Institutions and Individuals: Battle for Supremacy in Pakistan

Much is written about the struggle for supremacy between Pakistan’s civilian and military institutions. But Pakistani democracy is currently suffering from another power struggle – one between civilian institutions. During the past few years Pakistan has seen the rise of the Supreme Court as a new contender in the struggle for domestic power. Increasingly, however, conflicts between the judiciary and other branches appear to be battles between individuals rather than institutions.

After the controversial retroactive disqualification of former Prime Minister Yusuf Raza Gilani by the Supreme Court, Pakistan’s parliament this week passed a bill to amend the Constitution to grant immunity from contempt of court charges to certain government officials in anticipation of the court’s using the threat of contempt as a means of forcing the executive branch to enforce its orders. Supporting this concern is the court’s order to the new Prime Minister to respond by July 12th to their order that a letter be written to Swiss authorities reopening corruption cases against President Asif Zardari. The executive  branch continues to insist that they are constitutionally prohibited from following the court’s order as the president enjoys immunity during his term in office, and legal analysts describe the Prime Minister as being caught in a “contempt trap.”

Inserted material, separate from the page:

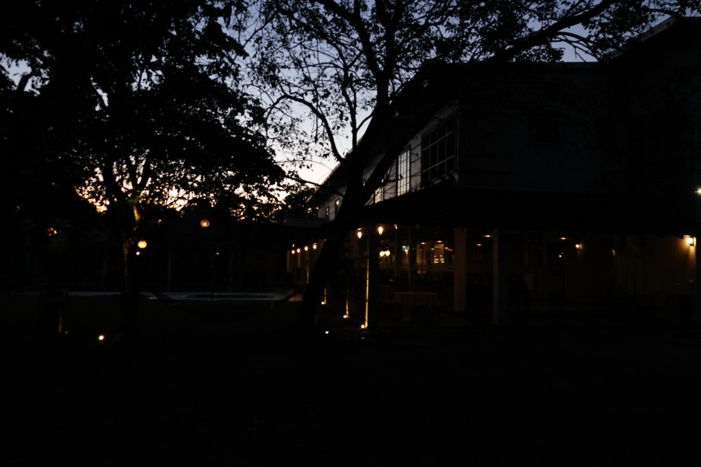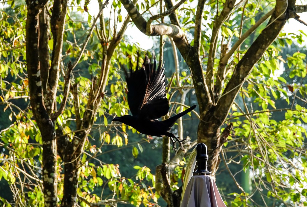 After the elation of seeing the SSO, it would be difficult for the rest of the afternoon to match it. We checked into the rather nice Forest Edge Resort which is up a rocky bumpy road and had lunch. The dining room backs onto some greenery…

Opposition politicians are predictably against the bill. Ahsan Iqbal of the Pakistan Muslim League – Nawaz (PML-N) said in a press release that the bill is part of a political strategy to protect the president from corruption charges, despite the PML-N’s having passed a similar bill when it was in power in 1997 and PML-N President and then Prime Minister Nawaz Sharif was facing similar battles with the Chief Justice at the time, Sajjad Ali Shah. Syed Munawar Hasan and Imran Khan, leaders of the Jamaat-e-Islami and Pakistan Tehreek-e-Insaaf political parties, called the amendment un-Islamic.

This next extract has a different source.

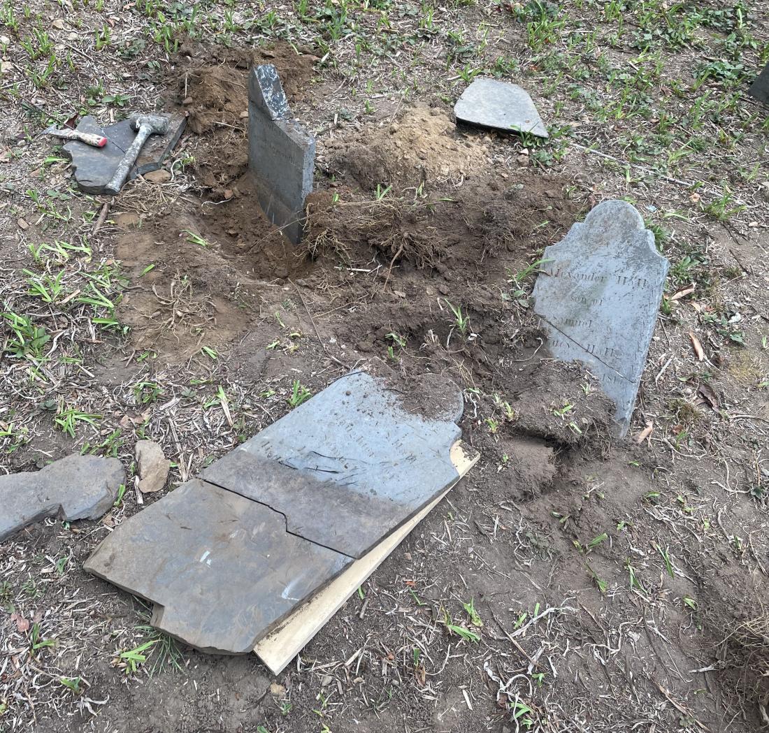 Cotton Cemetery children's stones before repair

The lack of trust between parliament and the judiciary is mutual, though. While Pakistani parliamentarians were discussing how to reign in judicial oversight, Pakistan’s Supreme Court announced that judges were beyond the oversight of parliament. Neither is the first time that the Supreme Court has bristled at the prospect of parliamentary checks on its members. When parliament passed the 18th Amendment devolving powers that had been consolidated under past military dictators, the Supreme Court objected to a provision of the bill that created a new inter-institutional commission to nominate justices. Previously, new justices were selected by the Chief Justice himself. In a bizarre move, the Supreme Court began hearings on whether the unanimously passed constitutional amendment was unconstitutional for violating the “basic structure” of the constitution – an ambiguous set of unwritten principles that would essentially give the Supreme Court veto power over any act of parliament. Ultimately, the Supreme Court punted on the question, asking parliament to clarify certain aspects of the judicial commission and leaving the “basic structure” issue hanging over parliament.

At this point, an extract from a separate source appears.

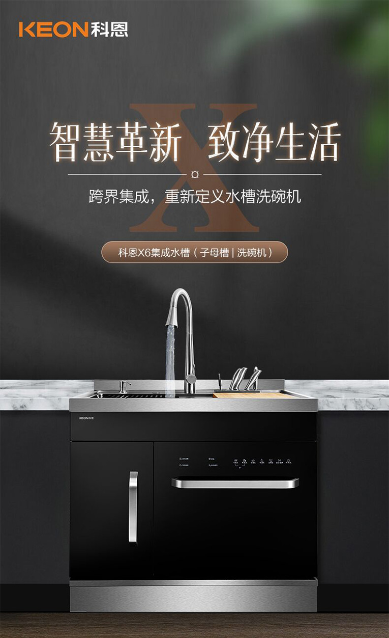洗滌區(qū)集成革命,科恩X6集成水槽解放雙手!寧可燒飯也不洗碗,X6集成水槽核心是將水槽、洗碗機、切菜板、瀝水籃等功能集成一體,解決空間問題,真正做到洗、消、烘、存一體,節(jié)約餐后洗碗時間,可以更好的陪伴家人。

As parliament prepared to take up the constitutional amendment limiting the court’s power to remove officials with contempt convictions, Chief Justice Iftikhar Chaudhry may have hinted at the return of the “basic structure” doctrine. Speaking at a ceremony for newly enrolled Supreme Court advocates last weekend, the Chief Justice referred to a “misconception in the minds of people regarding supremacy of parliament,” adding that the Supreme Court is empowered “to strike down any legislation which encroached upon the basic rights of the citizens.”

The framers of the US Constitution anticipated that the personal ambition of officeholders would lead to attempts to encroach on the powers of other institutions. This led to the implementation of a complex system of “checks and balances” to ensure that no one institution could assert itself as supreme to any other.

To maintain stability, governments must follow rules and procedures written for institutions, not individuals. Asif Zardari will not be president forever, nor is Iftikhar Chaudhry Chief Justice for life. As Pakistan navigates current controversies, officials from all branches of government should look for solutions that will hold up no matter who is President, Prime Minister, or Chief Justice.